What makes this game’s atmosphere unique isn’t its three factions—it’s the feeling of collective improvisation. It’s the way balance feels less like a design goal and more like a rumor passed between players who’ve patched it themselves with memes, custom configs, and sheer stubborn joy. You feel exhausted but electric, like you’ve just survived a bar brawl that somehow also involved siege engines, grappling hooks, and a very confused goat (unmentioned in the data—but no, wait: not mentioned, so we won’t). What lingers isn’t the win-loss ratio, but the shared groan-laugh when your pirate slips off a cliff mid-backstab, or when six Vikings and three knights collide in a single doorway and dissolve into a pile of flailing limbs and unregistered hitboxes. It’s chaos with camaraderie, absurdity with authenticity, frustration with fierce loyalty. This isn’t simulation—it’s ritual. A sweaty, shouting, slightly broken rite where the rules are agreed upon mid-fight and the lore is written in emotes and killstreak taunts.
That emotional DNA pulses strongest in The Eminence in Shadow Season 2, where action spectacle isn’t about flawless choreography but about commitment to the bit: a hero backflipping off a collapsing tower while monologuing about shadows, even as his cape catches fire and his sword snaps. Like PVKII, it thrives on tonal whiplash—gritty dark fantasy visuals undercut by slapstick timing and characters who treat absurd stakes with utter sincerity. Both weaponize parody not to mock genre, but to deepen its emotional resonance: the Viking’s roar isn’t just aggression—it’s the same desperate, joyful shout as Cid Kagenou declaring himself the shadow ruler of a world that barely notices him.
BAKI shares that raw, almost physical urgency—the kind where every punch lands with the weight of exhaustion and adrenaline fused together. In PVKII, your sixth life isn’t a reset; it’s the moment your body remembers how tired it is, your thumbs ache, and yet you still sprint toward the enemy spawn because the fight itself is the point. BAKI doesn’t care about perfect form—it cares about the tremor in a fighter’s knee before the knockout blow, the sweat flying off a brow mid-combo. Both reject polish for presence: the feeling that something real—bodily, communal, unscripted—is happening right now, even if it glitches, even if it breaks.
And then there’s The Elusive Samurai, which mirrors PVKII’s love of historical archetypes bent into comedy without losing their teeth. A samurai who dodges arrows by tripping over his own sandals isn’t undermining bushido—he’s embodying its human, stubborn heart. Just like a PVKII player choosing the Viking not for meta viability but because swinging an axe while yelling feels like truth, The Elusive Samurai treats tradition as texture—not a cage, but a springboard for laughter that lands with the same thud as a well-placed cannonball.
This pairing isn’t for people who want seamless worlds or tidy narratives. It’s for the ones who keep coming back after the staircase bug, after the unbalanced patch, after the server drops—because they recognize the rare alchemy of sweat, silliness, and shared stubbornness. It’s for the late-night Discord lurker who types “gg” after a round where half the team died to environmental hazards, then immediately asks, “Who’s got a working server?” It’s for the anime viewer who rewinds BAKI’s training montage not for technique, but for the sound of breath rasping through clenched teeth—and who watches The Eminence in Shadow not to decode lore, but to feel the glorious, ridiculous weight of believing in something, even when the world glitches around you.
→216 Anime That Match the Vibe

Pure kinetic energy — the action choreography in both is some of the best in their medium.

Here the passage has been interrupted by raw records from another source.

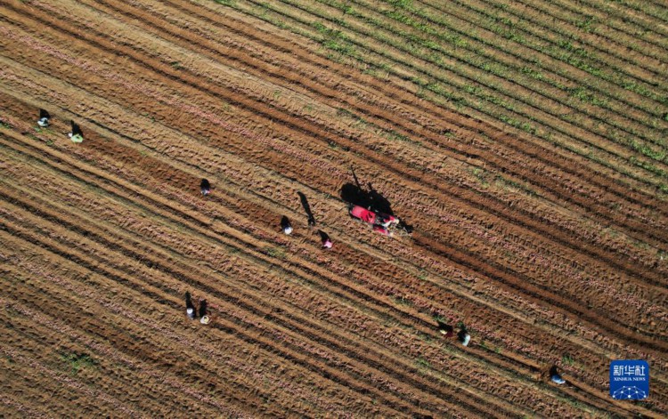 9月25日,河北省卢龙县卢龙镇一家红薯种植合作社的社员在收获红薯(无人机照片)。 金秋时节,河北省卢龙县农民抢抓农时收获红薯,今年全县红薯种植面积达12万亩。近年来,当地政府根据辖区沙质土壤透水透气性好的特点,引导农民采取“合作社+农户”的模式,规模化发展红薯种植,并成立多家红薯产品深加工企业,逐步探索出富有特色的“甜蜜”致富路。 新华社记者 杨世尧 摄
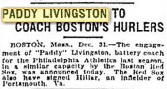 listed on fedxit as Paddy Livingston 1920. I can't find any indication of him having been with Red Sox. Any help identifying this player is appreciated.
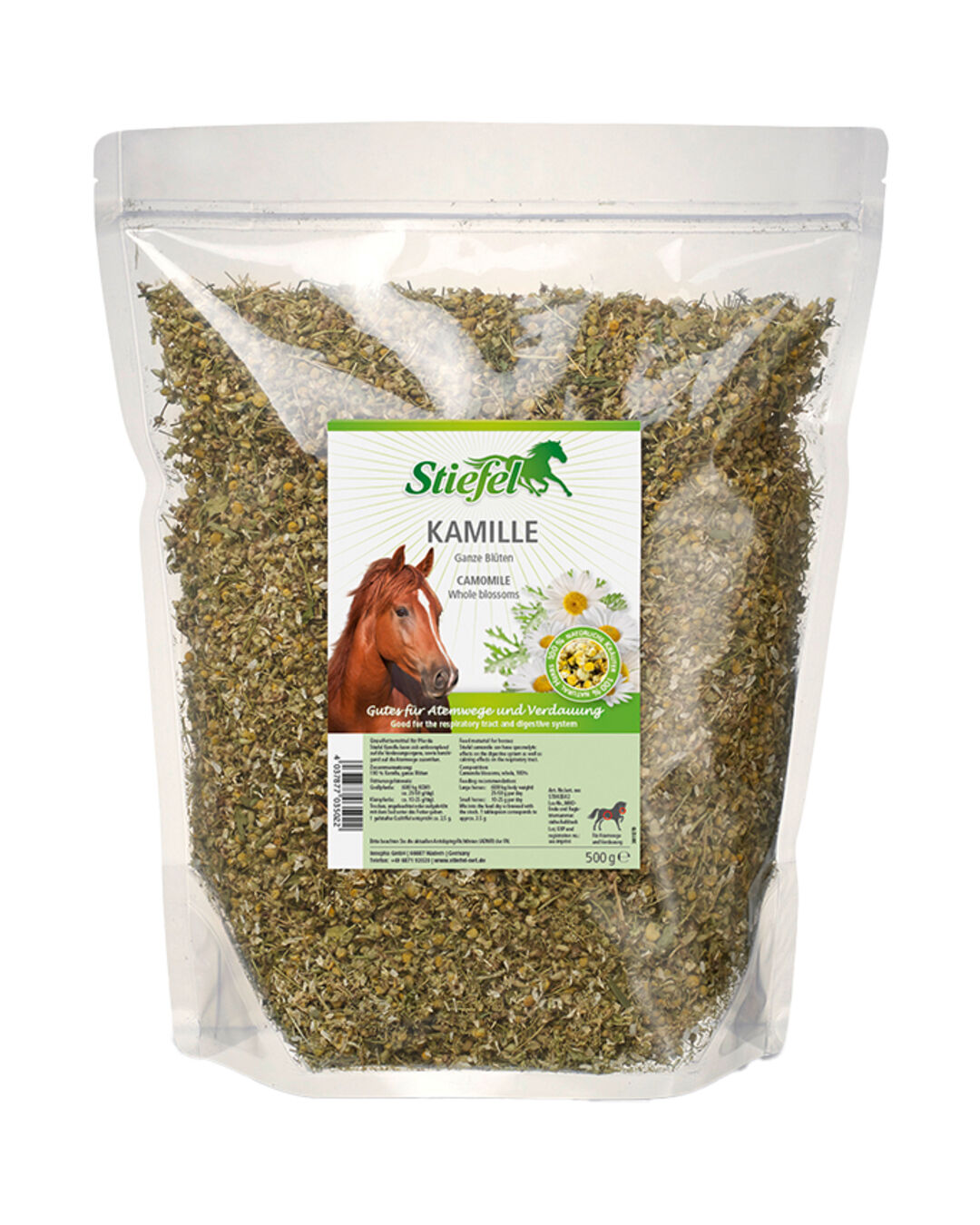 Für die innerliche Anwendung kannst du die Blüten trocken oder aufgebrüht mit dem Sud unter das Futter mischen. Die enthaltenen Wirkstoffe können eine gesunde Verdauung fördern und zur Entspannung beitragen – ideal für Pferde, die in stressigen Situationen empfindlich reagieren. Äußerlich aufgetragen unterstützt die Kamille die Hautpflege und kann zur Optimierung der Hautfunktion beitragen.
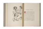 DOMINGO. — CERVANTES SAAVEDRA (Miguel de). — Rinconete y cortadillo. — Nota preliminar de Jorge Rubio y Balaguer. Barcelona, Ed. Seix Barral, 1947. — In-4, 85 p., [3] f., ill., maroquin vert olive, dos lisse, décor mosaïqué en couleurs...

Pure kinetic energy — the action choreography in both is some of the best in their medium.

Pure kinetic energy — the action choreography in both is some of the best in their medium.

Baki’s underground arena brawls—where fighters bleed, break bones, and grin through shattered teeth—mirror PVKII’s chaotic melee: no health bars, just raw stamina drains and brutal dismemberment. Unlike most sports anime, *BAKI*’s Season 2 (the “Great Raitai Tournament Arc”) leans into dark fantasy spectacle, where Yujiro’s casual godlike violence echoes the Vikings’ axe-swinging ferocity and Knights’ shield-bashing grit. This isn’t just competitive spirit—it’s honor forged in sweat, blood, and absurd, physics-defying impact.

Pure kinetic energy — the action choreography in both is some of the best in their medium.

Cid Kagenou’s deadpan battlefield monologues—especially during Shadow Garden’s synchronized ambushes in Season 2’s climax—echo the chaotic, physics-defying teamfights where a Viking’s axe-swing interrupts a Knight’s charge mid-air. Unlike most dark fantasy, both weaponize absurdity: tactical warfare isn’t just strategy—it’s slapstick choreography layered over grim stakes. That shared commitment to 😂 Comedy & Parody *within* high-stakes action makes their tonal whiplash feel deliberate, not disjointed.

Houjou Tokiyuki’s desperate, slapstick scrambles through Kyoto’s burning streets—dodging spectral warriors while clutching a comically oversized heirloom sword—echo PVKII’s chaotic “capture-the-flag” chaos where a Viking might yeet a pirate off a cliff mid-sword-lunge. 💥 Action Spectacle thrives in both when tactical warfare collapses into absurd physical comedy: Ashikaga Takauji’s smirking betrayal mirrors the game’s faction-switching meta-humor, where honor is as slippery as gold. This isn’t just parody—it’s dark fantasy that weaponizes historical rupture with cartoonish glee.

Pure kinetic energy — the action choreography in both is some of the best in their medium.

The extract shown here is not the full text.